Regression Operator¶

The Regression Operator is a low-code operator for supervised tabular regression. It trains a model from a training dataset, optionally evaluates on held-out test data, and writes a consistent set of artifacts such as predictions, metrics, an HTML report, and a serialized model bundle.

Overview¶

Required inputs

The current implementation requires:

training_data
target_column

All columns in training_data except target_column are treated as features.

Optional inputs

The operator also supports:

test_data for held-out evaluation
output_directory for artifact location
column_types to override automatic type inference
model_kwargs to control explicit model runs
save_and_deploy_to_md to save the trained model to OCI Model Catalog and create a Model Deployment

Supported models

The supported model values are:

auto
linear_regression
random_forest
knn
xgboost

auto performs cross-validation across the explicit model families and selects the best one for the configured metric.

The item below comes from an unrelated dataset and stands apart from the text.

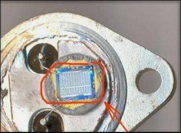 Чтоб добраться до фотоэлемента, нужно аккуратненько срезать ее высшую часть. Под ней и находится кремневый полупроводниковый элемент — фотоэлемент. Срезать крышечку можно, если зажать аккуратненько деталь в тиски, ножовкой по металлу.

Explicit models use Optuna-based tuning by default.

Preprocessing

By default, the operator:

infers numeric, categorical, and date columns
imputes missing numeric values with the median
imputes missing categorical values with the mode
one-hot encodes categorical columns
expands date columns into year, month, day, dayofweek, and dayofyear

Artifacts

Depending on the configuration and available data, the operator can write:

training_predictions.csv
test_predictions.csv
training_metrics.csv
test_metrics.csv
global_explanations.csv
report.html
model.pkl
model_registration_info.json
deployment_info.json

global_explanations.csv is written only when generate_explanations: true and explainability output is successfully produced.